El globo fue perfecto, la parabola de la pelota, impecable. Mientras todo Lamadrid ya casi gritaba el gol, apareció él. Sí, el Muro. Con sus años a cuestas y todo, se las habia ingeniado para efectuar el pique de su vida. La pelota a punto de ingresar al arco, el salto de Rodriguez, y un giro en el aire digno de una pequeñuela que practica ballet que le permitió, no sin dificultad, matar la pelota de pecho en la mismísima línea de meta. Una jugada espectacular por donde se la analice. El defensor y toda su inmensidad a cuestas bajaron de ese sueño aéreo con el balón dominado, para posteriormente alejarla violentamente ante el acecho de la jauría carcelera que se acercaba feroz al arco. La muchachada del Doque pareció volver a cobrar vida, el Estadio se caía (podríamos decir que casi literalmente, ya que los tablones de madera no otorgaban suficientes garantías a los espectadores), y el coro de almas gritando "Murooo, muroooooo", no se hizo esperar. Cerca del final de su carrera, Carlos lograba su sueño como jugador de futbol.

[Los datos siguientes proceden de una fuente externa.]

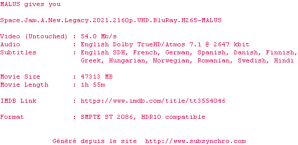 LeBron n'a même pas essayé de jouer. Warner est en perdition totale à essayer de montrer ce qu'elle possède comme franchises ou films ! Réussir à passer du "Fury Road" dans un film pour enfants, fallait oser. La seule chose qui passe, c'est la qualité sonore et quelques musiques, mais le scénario est pathétique, les scènes incompréhensibles, un gâchis qui vient profondément salir le film avec Michael Jordan. Pourquoi forcément chercher une star de basket ? Pourquoi pas de foot américain ou de baseball ? Ces dernières années, la Warner gâche tout !
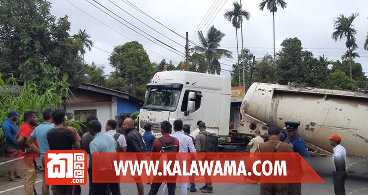 ධාවනය වෙමින් තිබු කන්ටෙයිනර් රථයේ රියදුරා කෙටි වංගුවක් ගැනිමත් සමග පසුපස ටැංකි කොටසේ රෝද කිහිපයක් මාර්ගය අභියස පිහිටි කාණුවකට වැටිමෙන් ටැංකි කොටස මාර්ගය හරහා අවහිර විම හේතුවෙන් රථ වාහන ගමනා ගමනය ඇණ හිට තිබුණි.

Ya poco importaría después que, sobre el final, el wing carcelero le diera el triunfo y el consiguiente ascenso a Lamadrid con un tremendo testazo. Las lágrimas que ese día cayeron sobre zona sur no empañaron el final de la carrera en Dock Sud de Carlos Rodriguez (su esfuerzo fue reconocido y su pase fue adquirido por Banfield, que por entoncnes militaba en la Primera B, donde jugó algunos partidos con altibajos varios, hasta que finalmente en 1993 se retiró definitivamente de las canchas), un recio jugador que pudo lograr lo que muchos otros nunca llegaron a hacer: protagonizar su (particular) fantasía dentro de un campo de juego.